Gary Gallen, chief executive of Yorkshire firm rradar, said his rapidly expanding firm could no longer grow quickly enough from recruitment and was “looking into a couple of acquisitions”.

Speaking at last week’s Legal Futures conference in London, Mr Gallen said: “You don’t have to be the smartest person in the legal sector, but you’ve got to work bloody hard. You’ve got to accept that you need to take risks, and you’ve got to be really dogged and stubborn and see things through.

“It’s not much cleverer than that in my view – see things through and focus on what the client truly wants.

“All law is to me is behaviour management. It’s pretty much written to correct bad behaviour – stopping you doing things you shouldn’t do.

“So we talk to our clients on the basis of what are they are trying to achieve. We don’t talk on the basis of law, rules, licences and obligations.”

Mr Gallen said there had been “a constant wave of recruitment” as rradar grew from 50 to 100 to 150 people, but the firm needed “greater volumes” of staff.

“It’s not that we can’t find people, it’s the pace of recruitment. We’re looking into a couple of acquisitions at the moment to help with that faster growth.”

Rradar began as an employment, taxation, health and safety and environmental law service, based in Hull, becoming an ABS in 2014.

Mr Gallen described it as “four businesses under one structure” with its own technology business and its own coders and developers, creating in-house technology products.

Mr Gallen said rradar also had a multimedia and creative team, so people could learn through video, podcasts and webinars, rather than in writing.

He said the firm has a training and education consultancy, to “educate and empower” clients to do things for themselves.

“We give them the technology as well as the knowledge. We’re not frightened of doing that and sharing information, because it’s on Wikipedia or Google. People already risk getting the information from uncredited sources.
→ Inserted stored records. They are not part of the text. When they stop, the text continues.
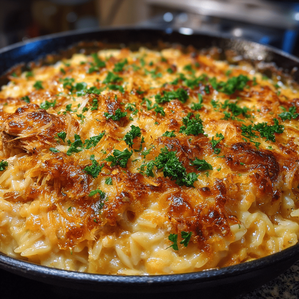 A cozy, savory casserole combining tender chicken, caramelized onions, creamy orzo, and melted cheese—capturing the classic flavors of French onion soup in a hearty baked dish.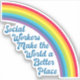 Social workers make the world a better place. Motivational social work gift with a beautiful inspirational quote under a cute rainbow in a blue sky. Pretty social services contour sticker for a laptop or water bottle.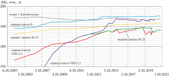 Установившееся значение уровня воды в затопленных провалах и карьерах составляет от 192.2 м в провале шахты № 23 до 195.1 м в карьере пласта X (см. рис. 4).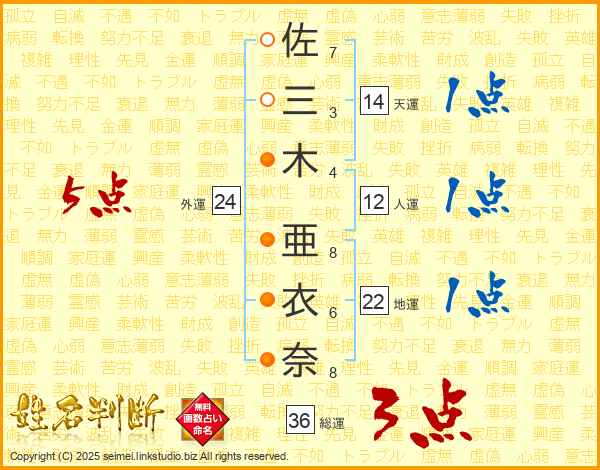 佐(7画)三(3画)木(4画) 亜(8画)衣(6画)奈(8画)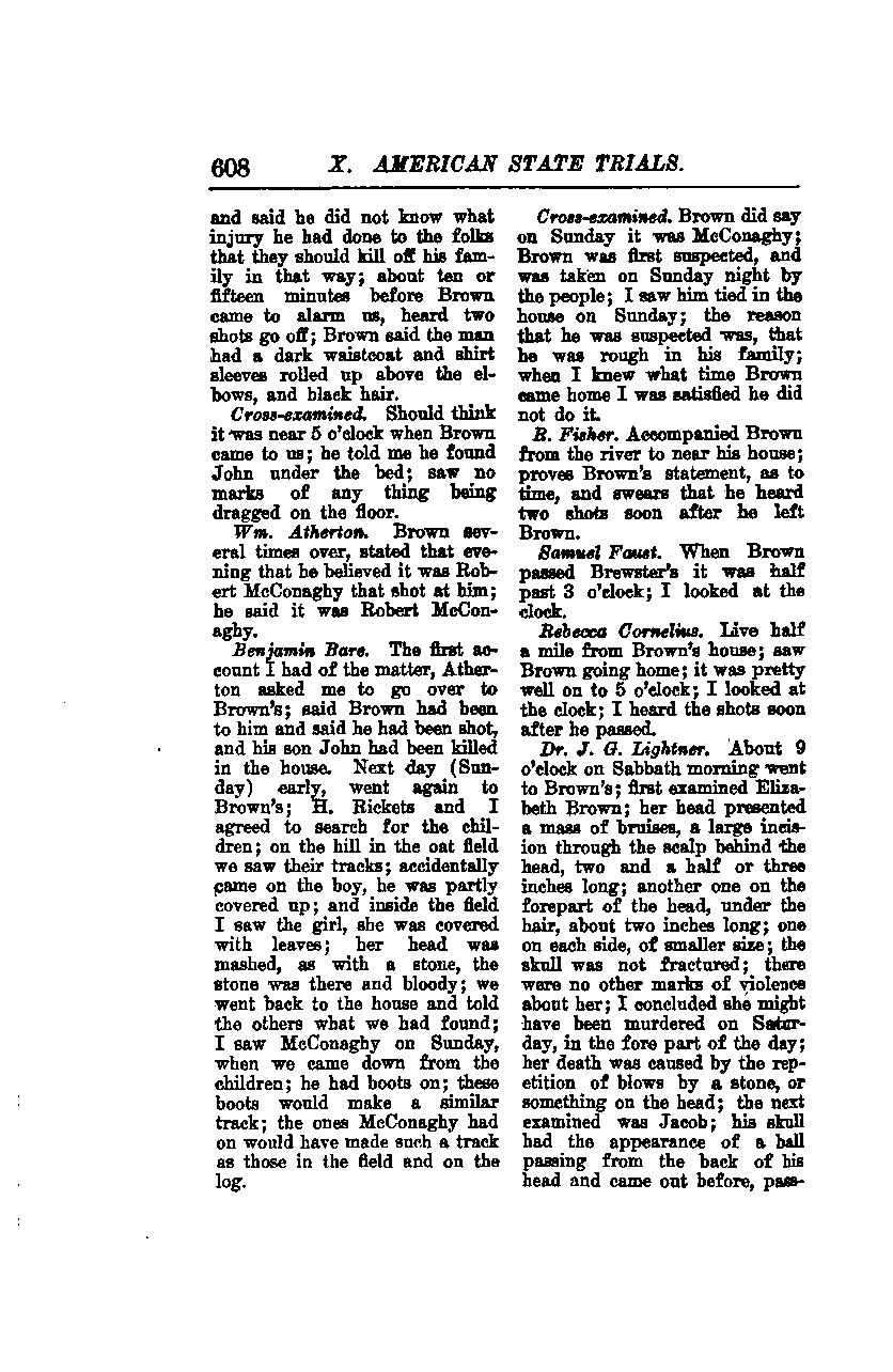 **Dr. J. G. Lightner:** About 9 o'clock on Sabbath morning, I went to Brown’s. I first examined Elizabeth Brown. Her head presented a mass of bruises, a large incision through the scalp behind the head, two and a half or three inches long; another one on the forepart of the head, under the hair, about two inches long; one on each side, of smaller size. The skull was not fractured. There were no other marks of violence about her. I concluded she might have been murdered on Saturday, in the fore part of the day. Her death was caused by the repetition of blows by a stone, or something on the head. The next examined was Jacob; his skull had the appearance of a ball passing from the back of his head and coming out before, passing...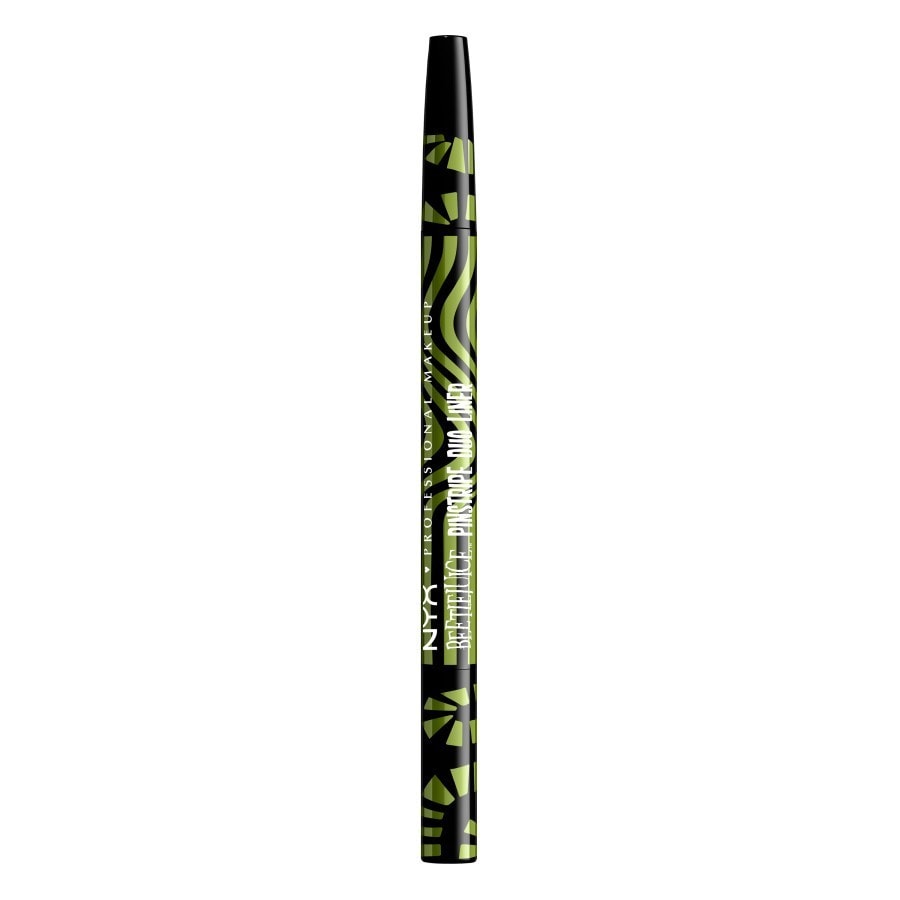 NYX Professional Make Up Beetlejuice Pinstripe Duo Liners zijn de nieuwe dubbelzijdige zwarte en chroom eyeliners van NYX die je de mogelijkheid bieden om een breed assortiment aan kleurrijke looks te creëren. De Beetlejuice Pinstripe Duo Liners van NYX Professional Make Up zijn geïnspireerd op de unieke esthetiek van de film BEETLEJUICE BEETLEJUICE en zijn verkrijgbaar in drie limited edition tinten. Met een elegante, soepele penseelpunt aan de ene kant en klassieke zwarte vloeibare eyeliner aan de andere kant, zijn ze perfect voor het creëren van nauwkeurige lijnen. De intense pigmentatie zorgt voor een langhoudende dramatische look die de aandacht trekt.Stap in de surrealistische wereld van Beetlejuice Beetlejuice met de nieuwe Beetlejuice Pinstripe Duo Liners van NYX Professional Make Up! Met drie tinten zorgt dit duo voor een ongeëvenaarde transformatie. Het penseel maakt het mogelijk om moeiteloos dunne lijnen te tekenen voor een subtiele definitie, terwijl je met een lichte druk op de pen een dikkere lijn kunt maken. Of je nu een minimalistische of gedurfde look wilt, deze eyelinerpen en zorgt voor een nauwkeurige en gedefinieerde finish die de hele dag meegaat. Het kan eenvoudig aangebracht worden door zowel beginners als professionals, en is geschikt voor elke huidtint.

It’s out there, whether we like it or not as lawyers.

“What I want is for the client to think that they have got something of real resonance, real value in their business. So that actually we can have a conversation with clients at a higher level and we’re offering them a better service.
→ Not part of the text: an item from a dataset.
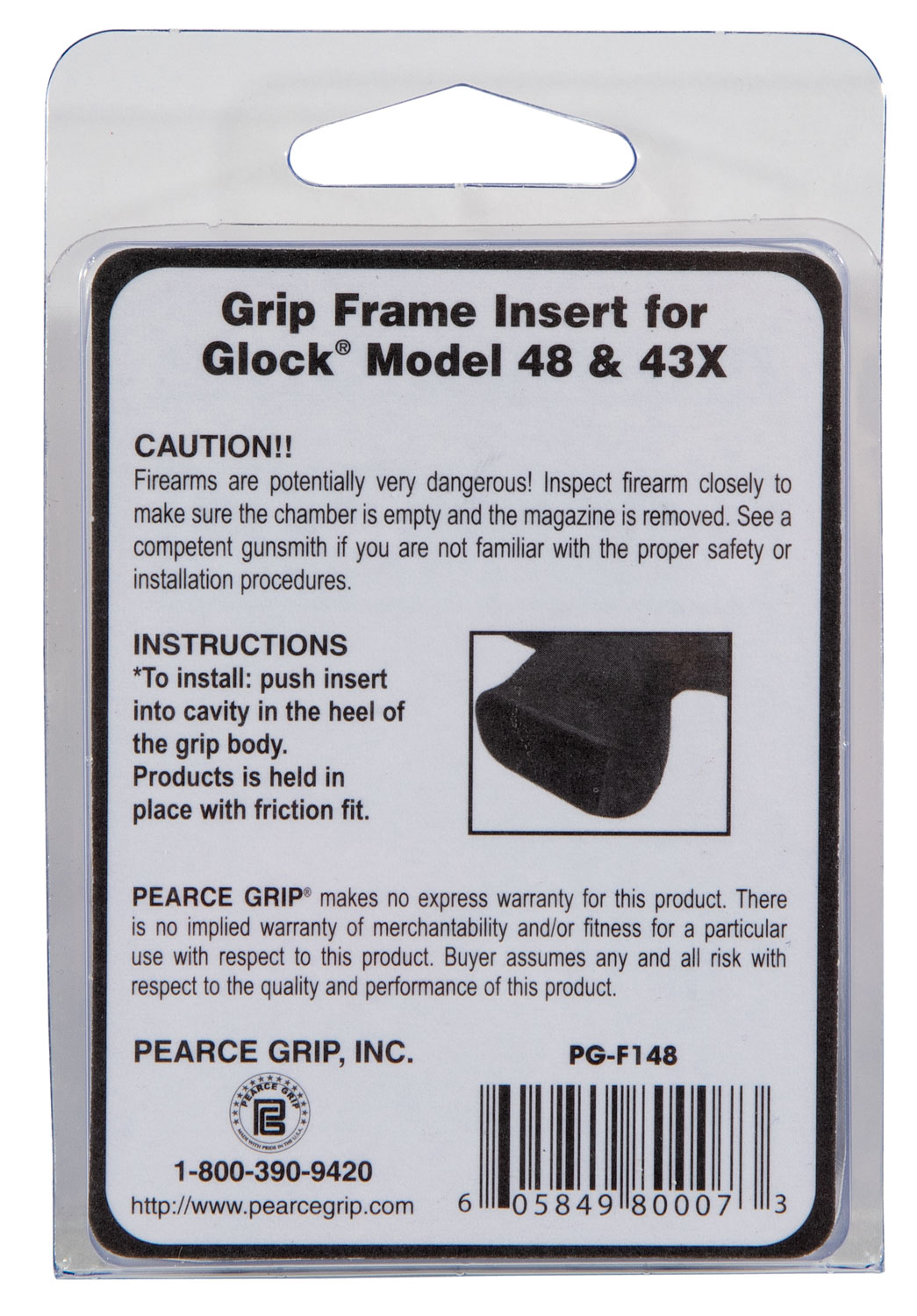 Pearce Grip PGFI48 Grip Frame Insert Compatible w/Glock 43X/48, Black Polymer

“You’ve got to give before you can get.”

Mr Gallen said that when ABSs came in and he was speaking to banks and private equity houses about his plans to set up the business, “nobody would believe in the model” and that “you could take four discipline areas and get them to work together”

After 29 rejections, Mr Gallen said he could not face getting “a round 30” so “one of the hardest presentations” he had to make was to wife, telling her “we’re going to have to remortgage and put all our life savings into this” and take an unsecured loan.

Mr Gallen said hiring staff, taking on premises and buying equipment was expensive, so “you‘ve got to be stubborn and see it through”.

He said the firm had been profitable as a business since the third month of trading, and had twice borrowed seven-figure sums from private equity houses.

The firm has since been able to buy back the equity, so it is now entirely owned by its directors.

“I gave them shares to reward them for their sweat and their creativity,” Mr Gallen said. “It can be done. We’re growing, we’re recruiting and we’re developing the business.

“If the kid from Scunthorpe, from a duty solicitor background, can do it, believe me anybody can do it, but you’ve got to graft, you’ve got to take risks and you’ve to be bloody stubborn.”